▶ [YOUR ASSIGNMENT] Write the listing out again word for word, excluding any pictures.

▶ [INFORMATION SUPPLIED]
────────

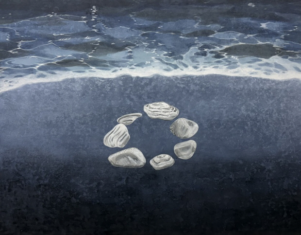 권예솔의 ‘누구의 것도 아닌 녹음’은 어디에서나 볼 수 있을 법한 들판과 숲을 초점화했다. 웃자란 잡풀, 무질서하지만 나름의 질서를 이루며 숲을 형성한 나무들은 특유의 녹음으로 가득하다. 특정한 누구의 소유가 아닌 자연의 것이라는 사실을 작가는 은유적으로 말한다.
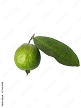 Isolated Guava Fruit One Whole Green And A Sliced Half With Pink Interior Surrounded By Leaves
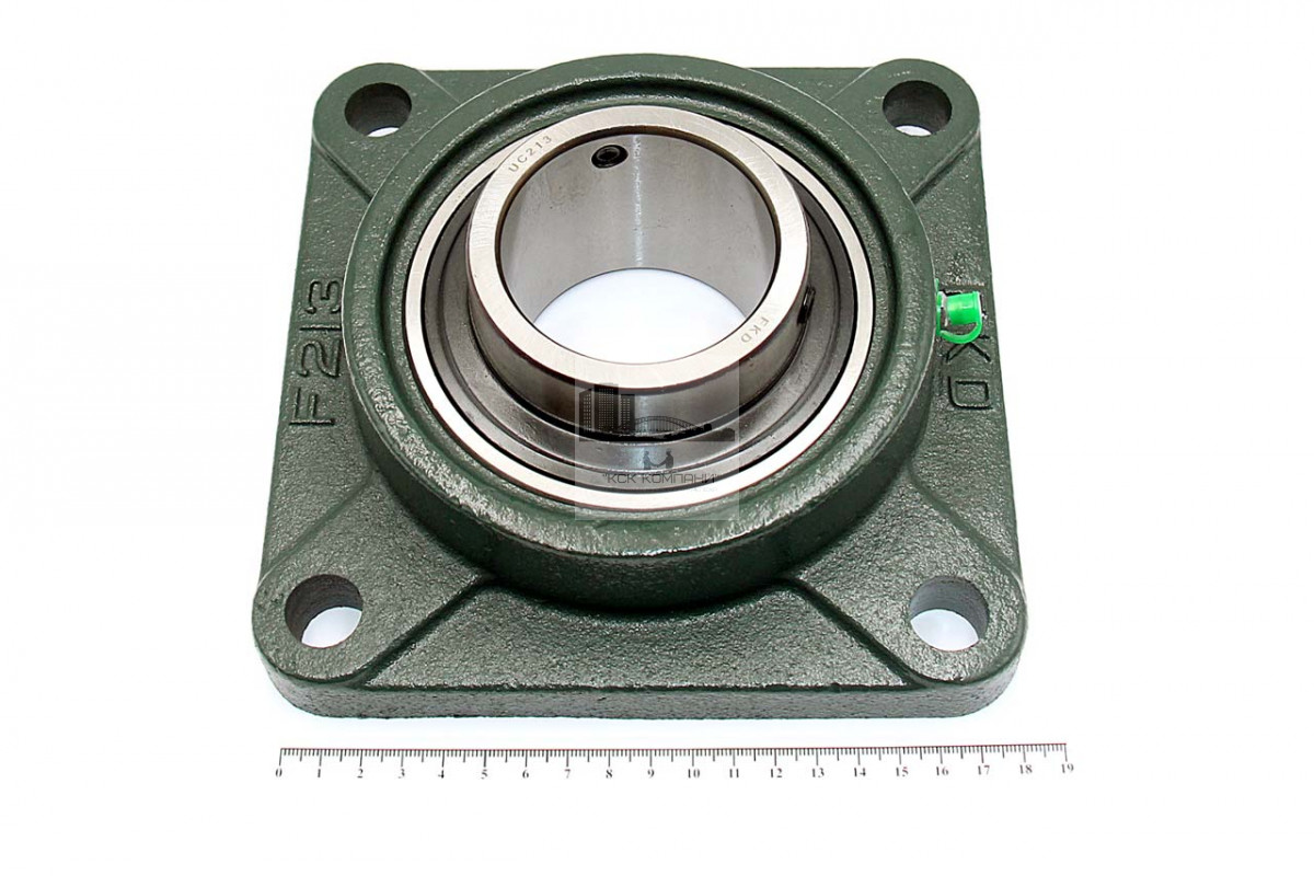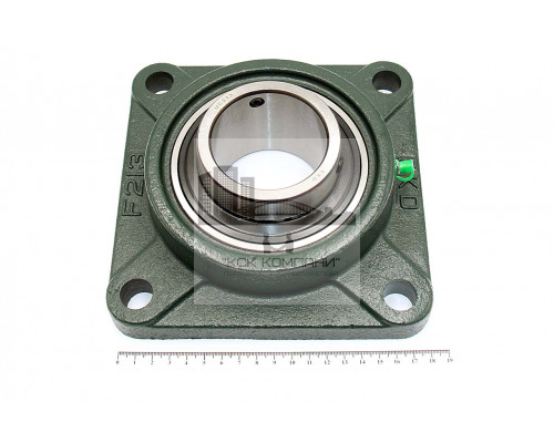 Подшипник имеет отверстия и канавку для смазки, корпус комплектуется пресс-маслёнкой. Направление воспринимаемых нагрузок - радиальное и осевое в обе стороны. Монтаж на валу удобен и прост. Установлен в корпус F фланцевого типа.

────────

▶ [SOLUTION FOR THIS TASK]
 권예솔의 ‘누구의 것도 아닌 녹음’은 어디에서나 볼 수 있을 법한 들판과 숲을 초점화했다. 웃자란 잡풀, 무질서하지만 나름의 질서를 이루며 숲을 형성한 나무들은 특유의 녹음으로 가득하다. 특정한 누구의 소유가 아닌 자연의 것이라는 사실을 작가는 은유적으로 말한다.
 Isolated Guava Fruit One Whole Green And A Sliced Half With Pink Interior Surrounded By Leaves
 Подшипник имеет отверстия и канавку для смазки, корпус комплектуется пресс-маслёнкой. Направление воспринимаемых нагрузок - радиальное и осевое в обе стороны. Монтаж на валу удобен и прост. Установлен в корпус F фланцевого типа.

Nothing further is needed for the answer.